In Week 9, looked at three questions concerning the sum of cubes and the square of sums. (If you haven’t had a chance to look at them yet, click here.) The three questions build upon each other — and in the end, we get a little proof of one of number theory’s famous results.

1. We know that 1 + 2 + 3 + …. + k = k(k+1)/2. We can add k + 1 to both sides of the equation. Then we have

1 + 2 + 3 + …. + k + (k+1) = k(k+1)/2 + (k+1)

Now we can combine the terms on the righthand side.

k(k+1)/2 + (k+1) = k(k+1)/2 + 2(k+1)/2 = (k(k+1) +2(k+1))/2 = (k+1)(k+2)/2

Therefore, 1 + 2 + 3 + …. + k + (k+1) = (k+1)(k+2)/2

2. We’re given that 1^3 + 2^3 +….+k^3 = k^2(k+1)^2/4, and we want to show that 1^3 + 2^3 +…. + k^3 +(k+1)^3 = (k+1)^2(k+2)^2/4.

We can add (k+1)^3 to both sides of the original equation without violating the equality.

1^3 + 2^3 +….+k^3 + (k+1)^3 = k^2(k+1)^2/4 + (k+1)^3

As in the first problem, we can combine the terms on the righthand side, and then simplify the form.

k^2(k+1)^2/4 + (k+1)^3 = k^2(k+1)^2/4 + 4(k+1)^3/4 = (k^2(k+1)^2+4(k+1)^3)/4

= (k^2 + 4k + 4)(k+1)^2/4 = (k+2)^2(k+1)2/4

Therefore, 1^3 + 2^3 +…. + k^3 +(k+1)^3 = (k+1)^2(k+2)^2/4

3. Now we can use the results from problems 1 and 2 to solve problem 3.

We want to show that (1 +2 + 3 + … + n)^2 = 1^3 + 2^3 + 3^3 + …. n^3.

In the first problem, we were able to show that

1 + 2 + 3 + …. + k + (k+1) = (k+1)(k+2)/2

In the second, we showed that 1^3 + 2^3 +…. + k^3 +(k+1)^3 = (k+1)^2(k+2)^2/4

What do you notice about these two statements?

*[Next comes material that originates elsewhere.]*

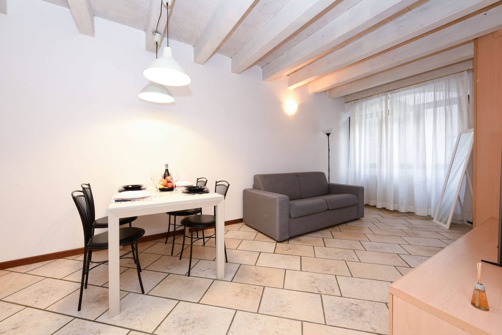L’appartamento è una casa storica del centro di Desenzano Del Garda a due passi dal Lago in piazza Porto vecchio. Ha una camera matrimoniale, cucina attrezzata e soggiorno con divano letto matrimoniale e bagno dotato di wc, bidet e doccia.
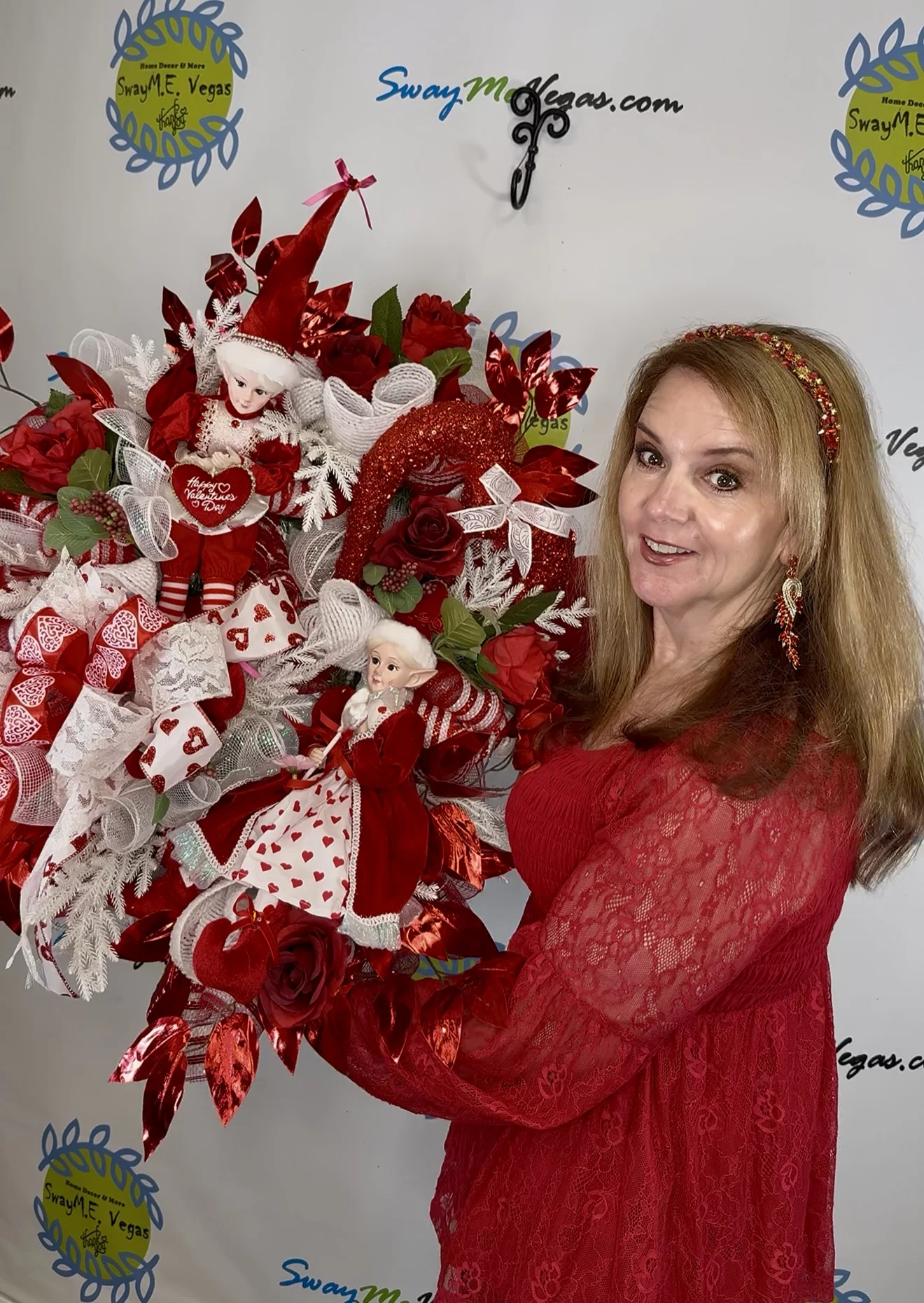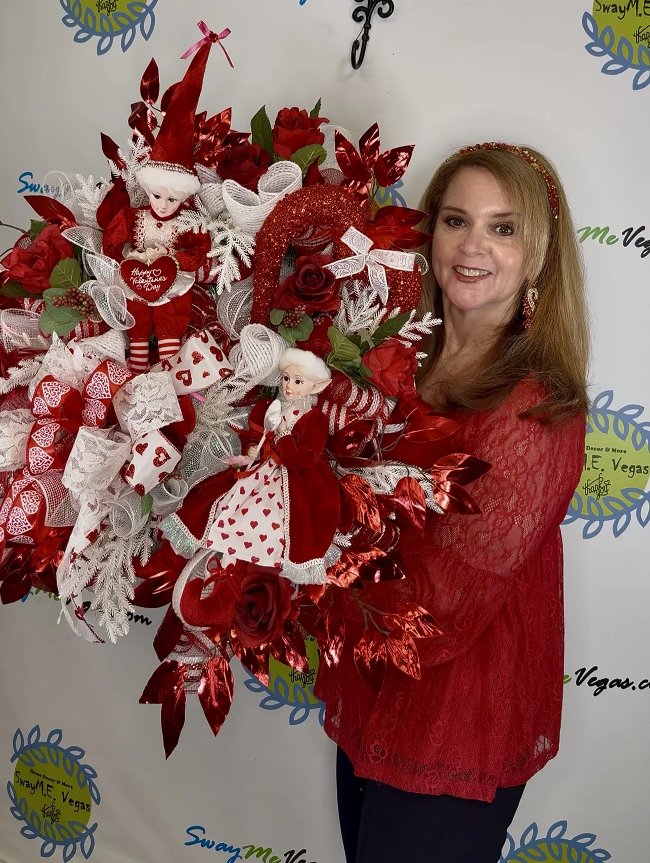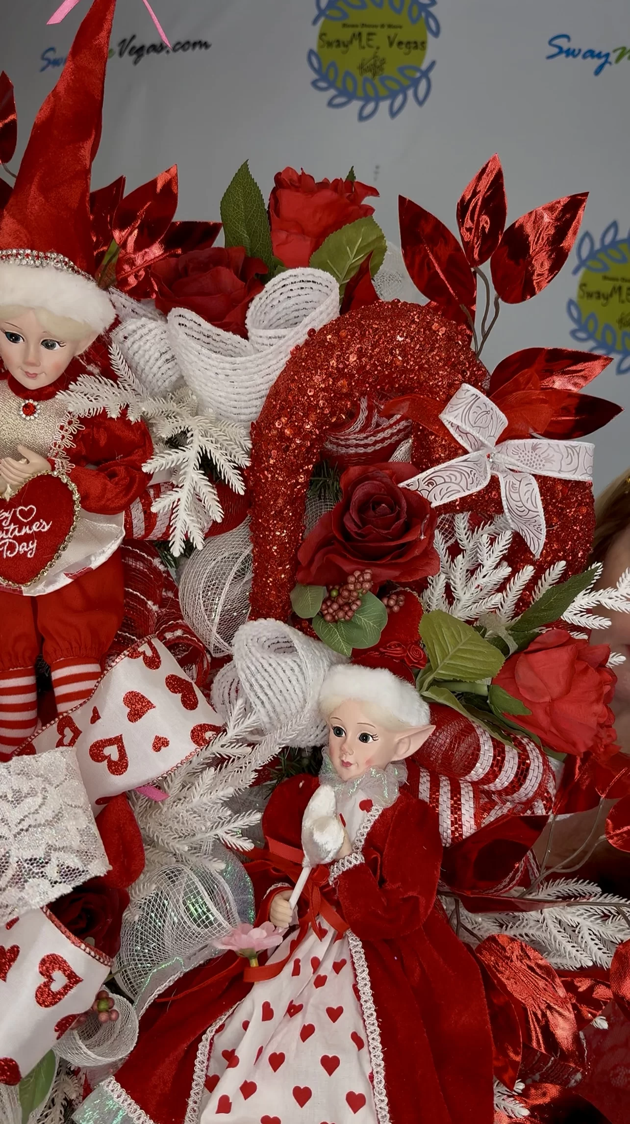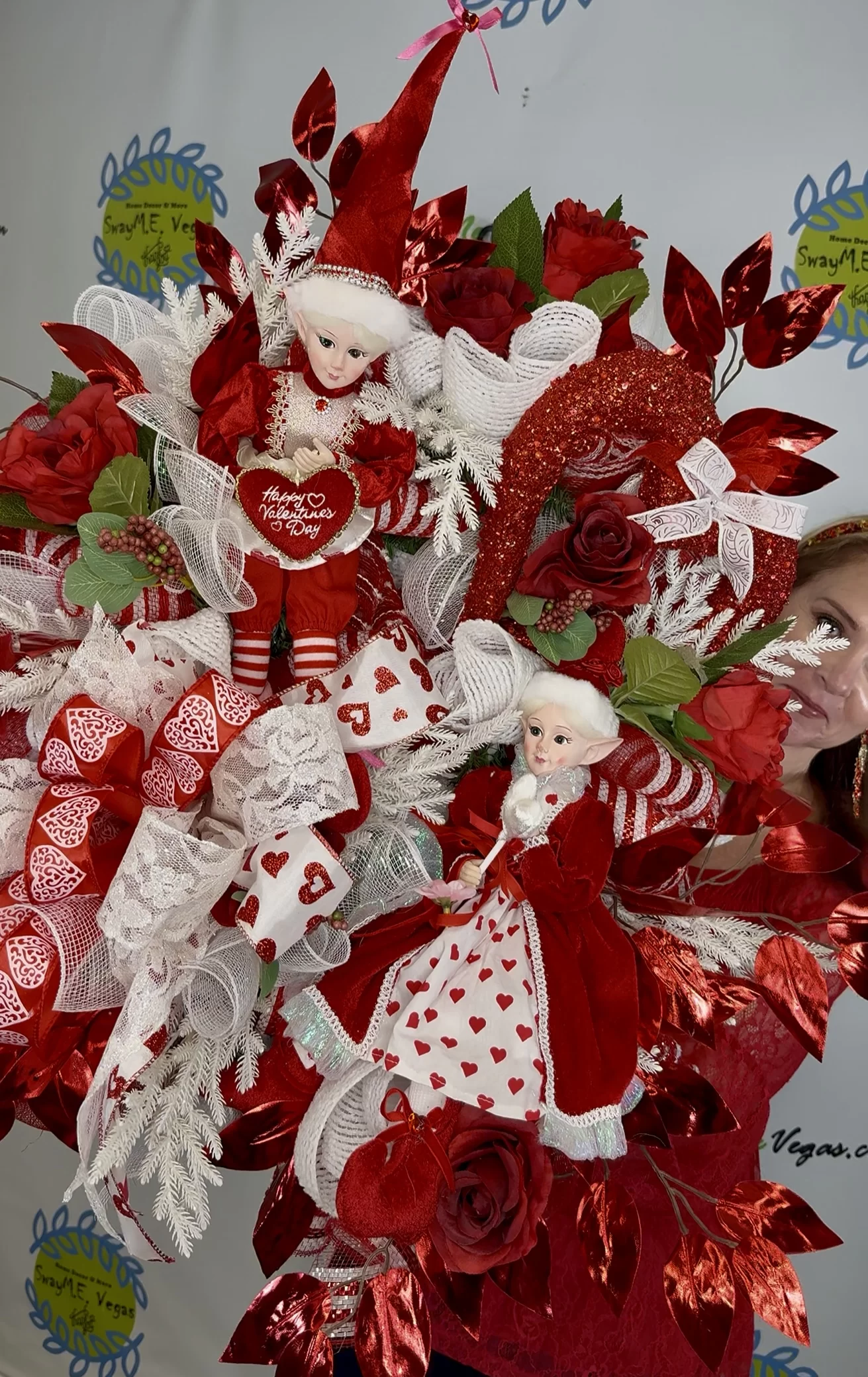 This piece showcases incredible detail—from the hand-posed elf dolls to the luxurious white ferns, glittered red hearts, and heart-printed bows. The coordinating elves wear red Valentine outfits with white lace and mini hearts, holding themed accessories that say “Happy Valentine’s Day.” Set among premium faux florals and red metallic leaves, this wreath is full of texture, sparkle, and movement.

(k+1)^2(k+2)^2/4, from the second question, is equivalent to squaring (k+1)(k+2)/2, from the first.

That means that (k+1)^2(k+2)^2/4 is also equivalent to squaring the lefthand side of the first equation.

(1 + 2 + 3 + …. + k + (k+1))^2 = (k+1)^2(k+2)^2/4

Then we can substitute 1^3 + 2^3 +…. + k^3 +(k+1)^3 for (k+1)^2(k+2)^2/4, because we’ve already shown that they’re equivalent.

(1 + 2 + 3 + …. + k + (k+1))^2 = 1^3 + 2^3 +…. + k^3 +(k+1)^3. Our proof is complete.

This is what is known as a proof by induction.